Top of Material provided

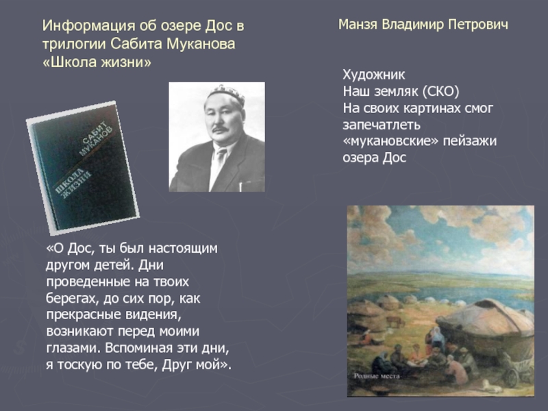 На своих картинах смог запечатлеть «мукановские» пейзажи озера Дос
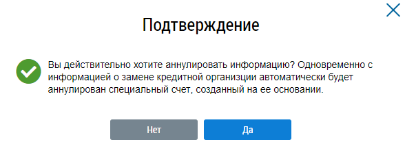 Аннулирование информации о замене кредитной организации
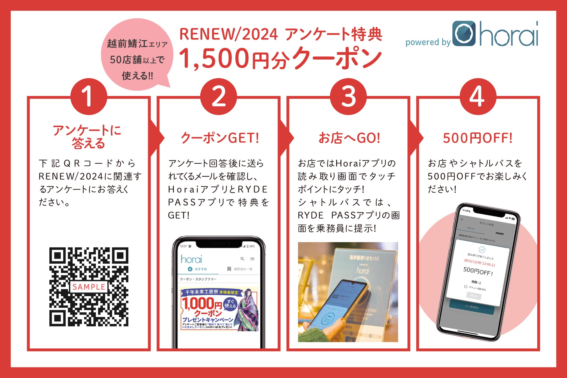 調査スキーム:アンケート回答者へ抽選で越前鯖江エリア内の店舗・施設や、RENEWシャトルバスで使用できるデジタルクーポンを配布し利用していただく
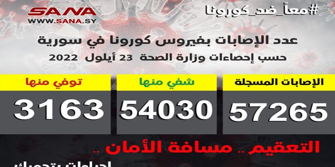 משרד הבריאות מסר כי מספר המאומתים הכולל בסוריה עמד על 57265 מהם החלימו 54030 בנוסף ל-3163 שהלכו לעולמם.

Bottom of Material provided

Exercise — Every line between the one containing "Аннулирование информации о" and the last line of the data above, both included, should be copied exactly, but not the pictures.

Answer —
 Аннулирование информации о замене кредитной организации
 調査スキーム:アンケート回答者へ抽選で越前鯖江エリア内の店舗・施設や、RENEWシャトルバスで使用できるデジタルクーポンを配布し利用していただく
 משרד הבריאות מסר כי מספר המאומתים הכולל בסוריה עמד על 57265 מהם החלימו 54030 בנוסף ל-3163 שהלכו לעולמם.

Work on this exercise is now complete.